Saturday, March 21, 2009

In Paradise

I must make the same recommendation about the Perhentians that I made about Naithon Beach: if at all possible, go there. Wow. These two little islands are gorgeous and nearly deserted, which means their water is glittering; the low key native way of life continues (the fishing boats remind me of Howl's Moving Castle: colorful with all manner of useful items hanging off every square inch. We ran across one fellow two beaches over who spent a whole two days burning bits of an old vessel. Whenever we passed him, he was staring pensively into the fire, poking stick in hand. What must it be like to have a lifestyle like that: "Honey, I think I'll spend a few days burning the old boat."); the corals have been growing undisturbed for eons, the fish and general marine life are enormous and plentiful and happy.

We saw animals here we've never seen in the wild elsewhere, like blue spotted rays, yellow boxfish, hundreds of parrotfish feeding in a school, cushion stars, schools of foot-long needlefish, a three foot long barracuda, more stonefish (this time a more comfortable distance away), a grouper more than three feet long moving ponderously and accompanied by a coterie of blue cleaner wrasses (who probably feel they've hit the jackpot work-wise). And it was charming to see all the anemones of many kinds dotted with blissful clownfish of all types. Laura discovered a condo arrangement in one place: about 20 large anemones all right next to each other, packed with clownfish big and small. They must have trouble figuring out whose anemone is whose. All these were accompanied by dense clouds of tiny little fish, some of whom swam along schooling in the shape of a bigger fish. (And you thought that scene in Finding Nemo was fantasy.)

The land-based animal life is quite healthy as well, living in a beautiful loud jungle filled with flitting birds, huge dragonflies and monitor lizards about five feet long. We went for a trek over to another beach through the jungle and it was miserable - buggy, filled with mosquitoes, narrow, slippery, crisscrossed with trippable roots and platoons of army ants. We were not enchanted - until we saw the family of dusky langurs heading our way. Four sizeable gorgeous black furry monkeys with white goggles on, accompanied by a smaller juvenile. They were using the path, too, coming from the opposite direction. They saw us, paused, and then advanced matter-of-factly. They veered off the path just a few feet in front of us to eat a mushroom. We watched them eat as they checked us out, too, then they headed off into the dense jungle. Last night, we slept through the commotion of a six-foot long python wandering onto the resort grounds - it took the staff about an hour to wrangle him off the property and safely back into the forest.

At least for marine life, Malaysia seems to have figured it out: protect your pristine wild areas, people will pay lots of money to see them, and everybody benefits.
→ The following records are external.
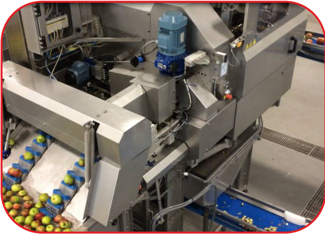
zařízení na separaci jádřinců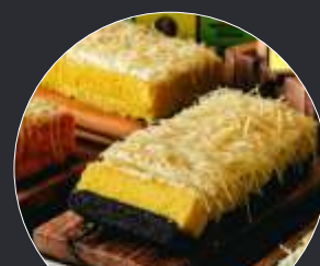
Lapis Kukus Surabaya

membuat Lapis Kukus Surabaya kerap jadi incaran sebagai oleh-oleh khas Surabaya. (nei,ist/dya)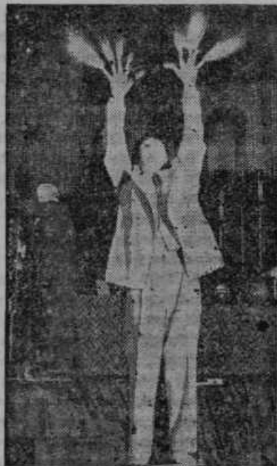
Irwin A. Moon v Čikagi, ki je oznanjevalec neke nove vere in znanstvenik, si pusti mirno napejati skozi telo milijon voltov električnega toka, katerega vidimo izžarovati skozi prste na rokah

orisal številnim zbranim življenje in delovanje blagopokojnega. Iz cerkve se je pomikal dolgi sprevod v Rogoznico na pokopališče. Poleg ljudskih množic je posodilo g. vikarju zadnje pot nad 30 svetnih du-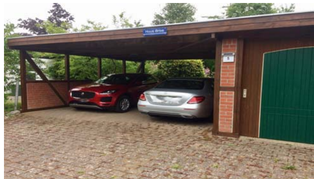
auf die Stellplätze

Ein Kinderreisebett und ein Hochstuhl stehen zur kostenlosen Benutzung zur Verfügung.

They have many national marine parks, they distribute much comprehensive and easy-to-understand information to their people about why they should protect their wilderness. They also apply creativity, such as banning flippers when they discovered that protected feet make people more likely to stand on/contact corals. They also have recruited teams of volunteer divers to remove the invasive and damaging Crown of Thorns starfish from reefs. This contrasts rather sadly with Cambodia, where we took a half day snorkel trip and saw gorgeous coral - and no fish. In fact, our boat captain fished while we snorkeled and we watched his catch expire on our trip back (we went to the market in Cambodia also, and were very disappointed to find they were fresh out of fried bugs). When one is desperately poor and hungry, what else is there to do? But it's such a sad cycle.

Anyway, back to our forest hike: we reached the new beach quite mosquito-bitten and sweaty and hot, so we quickly became another uncomfortable, virtually continuous state since we arrived: salty. I think we've spent at least 75 percent of the time here damp and/or salty. We've managed to avoid serious sunburn, but Jeff has had to employ a unique sunscreen that was nonetheless extremely effective. It's always with you, it completely block the sun's rays, you can get it off with ease though it deploys in an instant and it causes no allergies: his hand (which sat on the top of his head when he forgot his hat). We're leaving tomorrow and perhaps it's for the best: we've all got itchy rashes that only a luxury hotel in Kuala Lumpur can cure.